Selective hydrogenation reactions: A comparative study of monolith CDC, stirred tank and trickle bed reactors

Abstract

Monolith reactors offer several advantages over traditional random fixed beds or slurry reactors, such as better mass transfer characteristics, higher volumetric productivity for a smaller amount of catalyst, elimination of filtration step and lower pressure drop. However, achieving an even gas–liquid distribution across the monolith is difficult. The cocurrent downflow contactor (CDC) reactor presents an elegant solution to this problem by establishing a stable two-phase dispersion.

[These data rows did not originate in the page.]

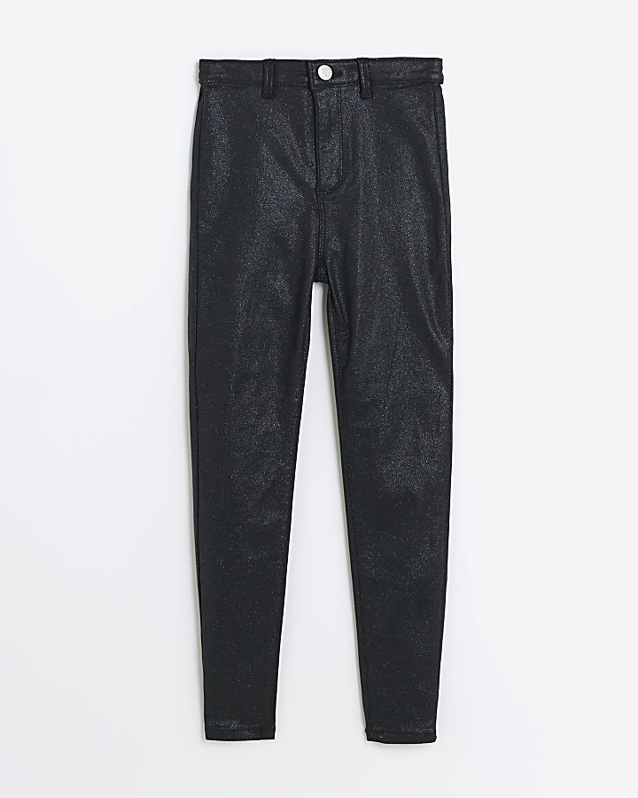 Girls black skinny glitter coated jeans River Island
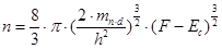 Таким образом, при расчете n в невырожденном полупроводнике n-типа зону проводимости представляют как набор Nc числа уровней с одинаковой энергией Ec.
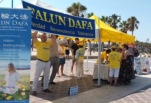 (Minghui.org) 10 августа 2025 года с 11 часов утра до девяти часов вечера практикующие Фалунь Дафа (Фалуньгун) в Испании проводили мероприятие на набережной у пляжа Мальварроса в городе Валенсия.
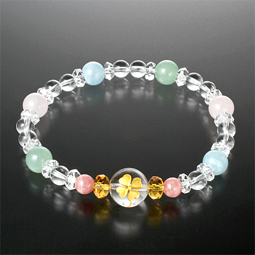 白水晶1個(12mm珠 クローバー刻印)、12個(6mm珠)、14個(6×3mm/カット)、黄水晶2個(8×4mm/カット)、 アクアマリン2個(8mm珠)、インカローズ2個(6mm珠)、ローズクォーツ2個(8mm珠)、アベンチュリン2個(8mm珠)
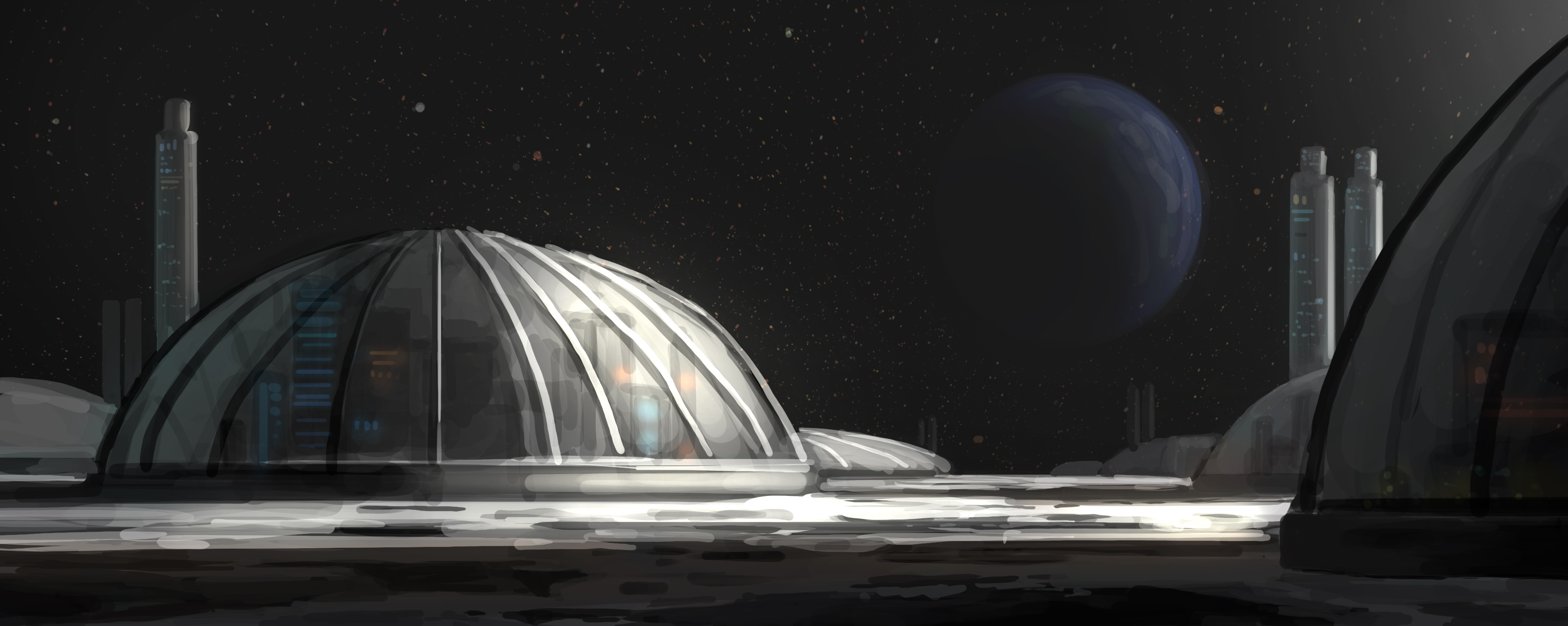 absurdres building city dome earth_(planet) highres meron_2770 moon no_humans original painting_(medium) planet scenery shadow skyscraper space star_(sky) sunlight traditional_media window
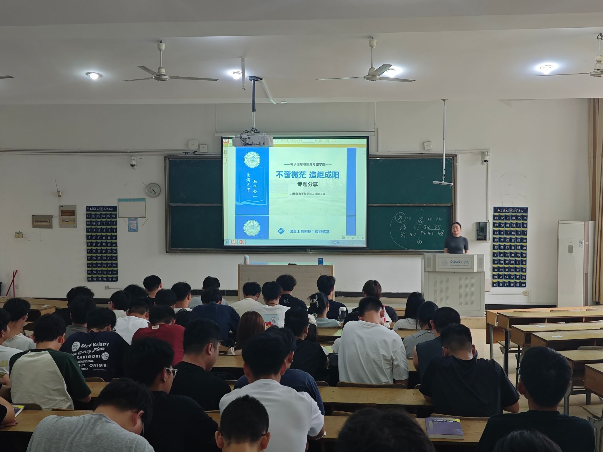 随后,学院邀请优秀学生党员代表为新生做党员典型事迹分享,发挥党员的先进性和先锋性。2022级微电子科学与工程班王瑞同学讲述了如何在党的培养下,从迷茫到坚定,将个人理想融入国家发展,在专业学习、社会实践中锤炼党性、服务集体的心路历程,展现了党员先进性的具体内涵。2025级新一代电子信息技术研究生孔旭同学作为新生党员代表向各位同学分享了自己入党后的心得体会,他表示作为党员应该坚持全心全意为人民服务的宗旨,以严格的标准要求自己,积极参加社会实践努力提升自我,将行动付诸于实践。
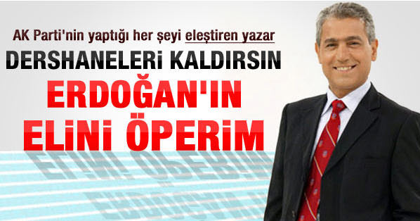 "Dershaneler son 50 yıldır var. Ben 30 yıldır gazetecilik yapıyorum. Kenan Evren'den bu yana gelen her iktidar kaldıracağını söylüyor. Başbakan kaldırırsa elini öperim ve oyumu da AK Parti'ye veririm."
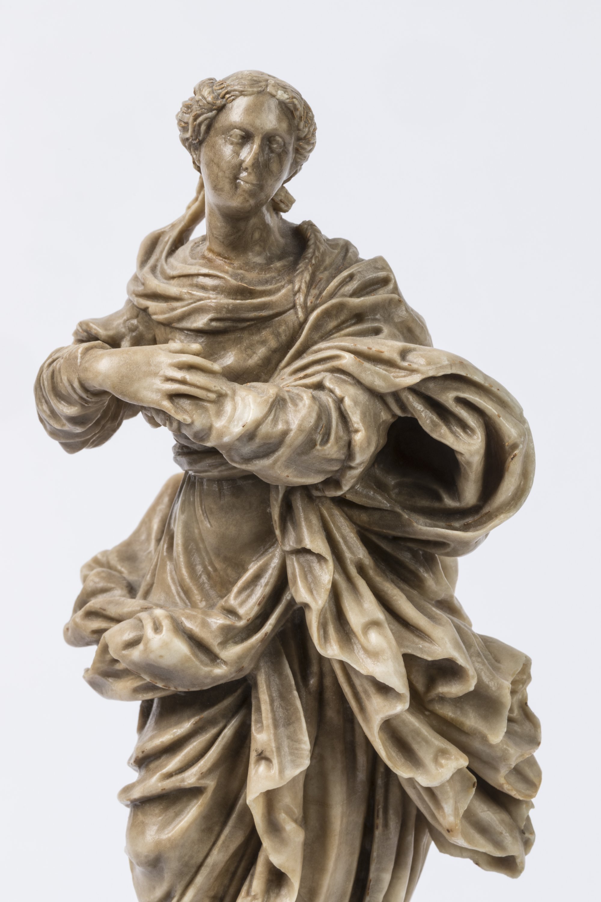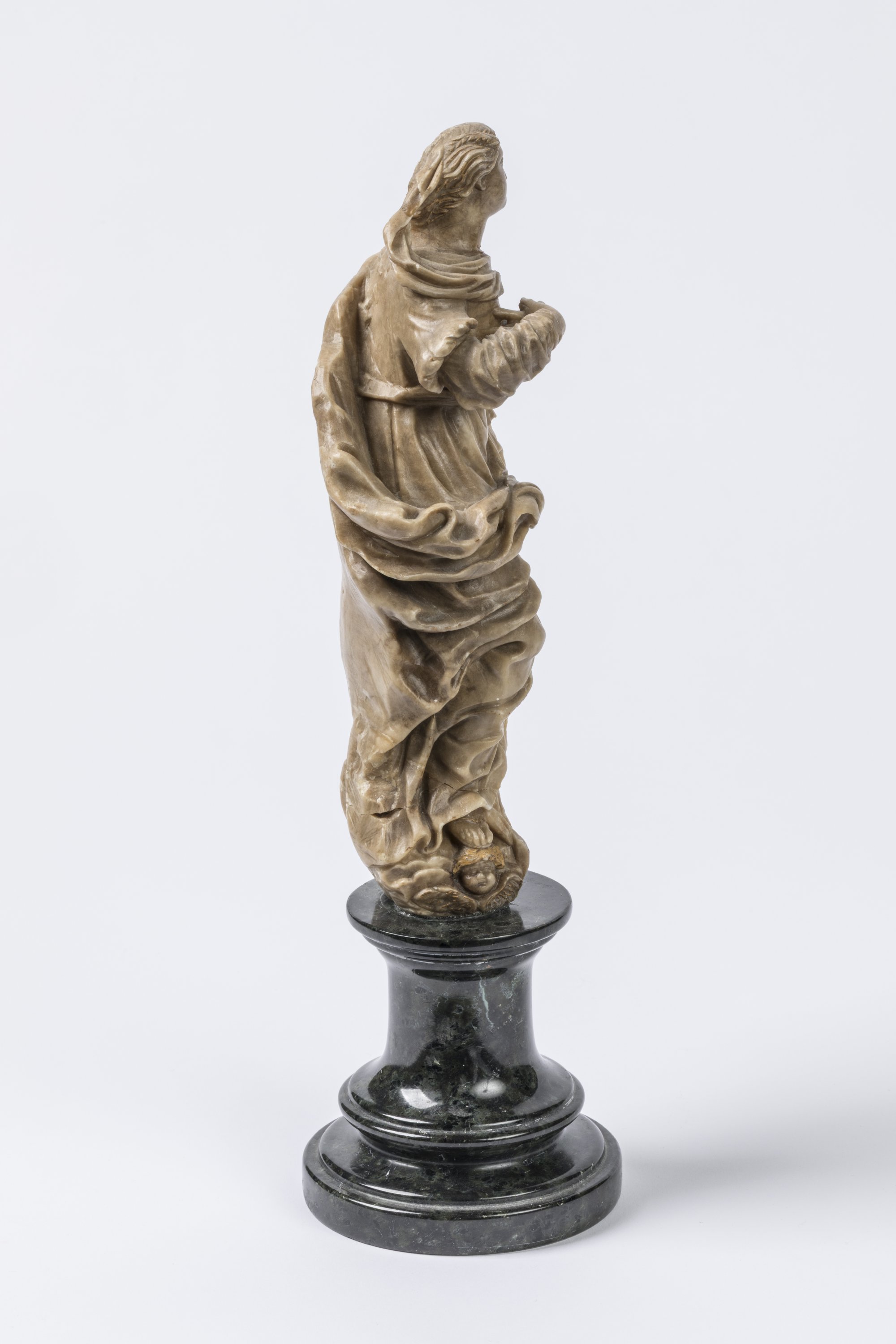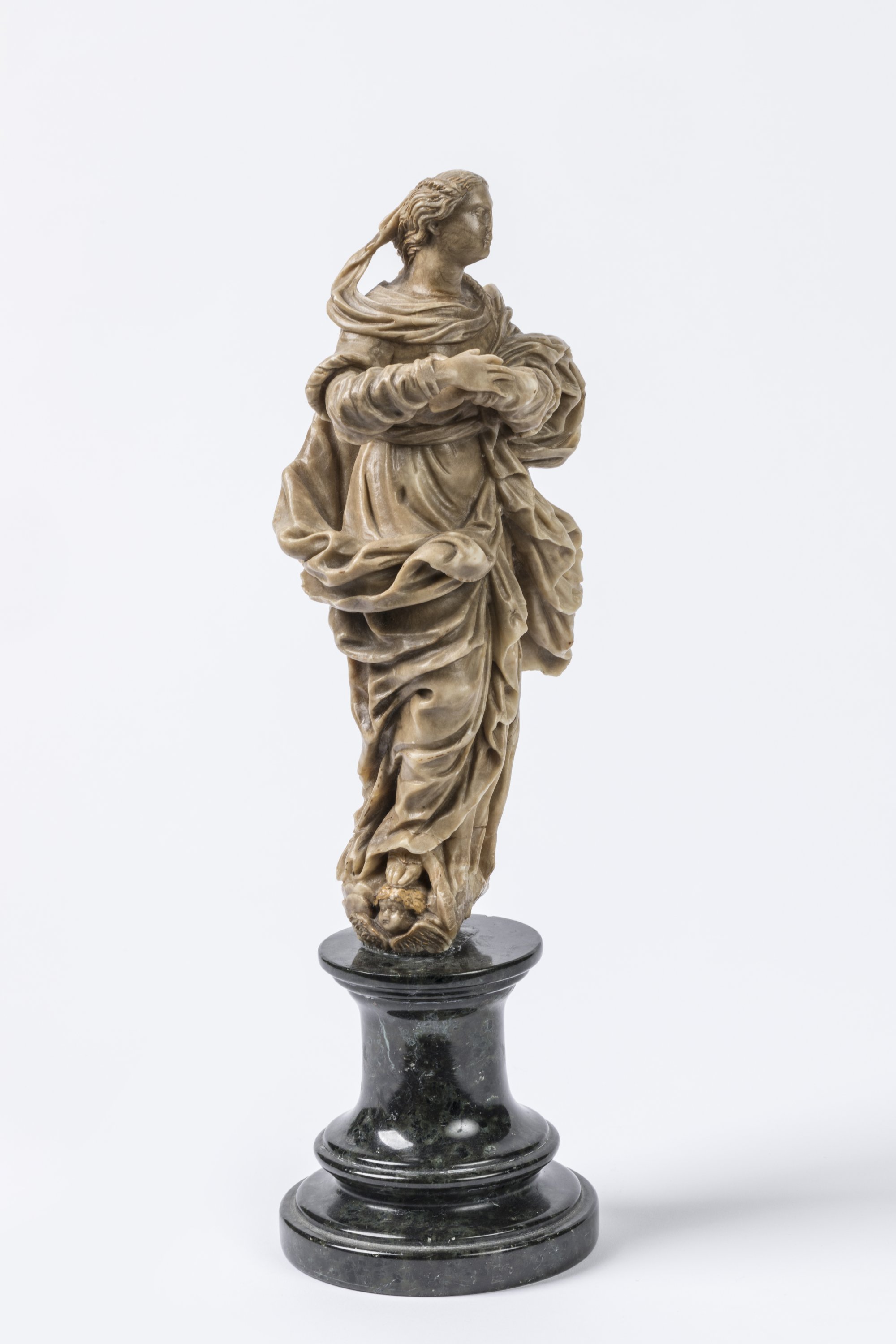 A ca. 1700 alabaster figure of the Virgin of the Assumption. On a grey marble base. Italian School.

When comparing the CDC reactor with traditional stirred tank and trickle bed reactors for the hydrogenation of 2-butyne-1,4-diol, greater selectivity towards the alkene intermediate is observed in the CDC for a range of solvents. This is partly due to a high dispersion (67%) of Pd on the washcoat support of the monolith and also to the optimisation of the surface species concentrations as a result of greater mass transfer of hydrogen to the catalyst surface compared with alternative reactor designs. Furthermore, when considering the effect of scale-out on the monolith by comparing a single capillary with 1256 and 5026 channel monoliths, initial reaction rates and selectivity were maintained. This supports the use of the CDC as a suitable method for dispersing gas–liquid mixtures through a monolith.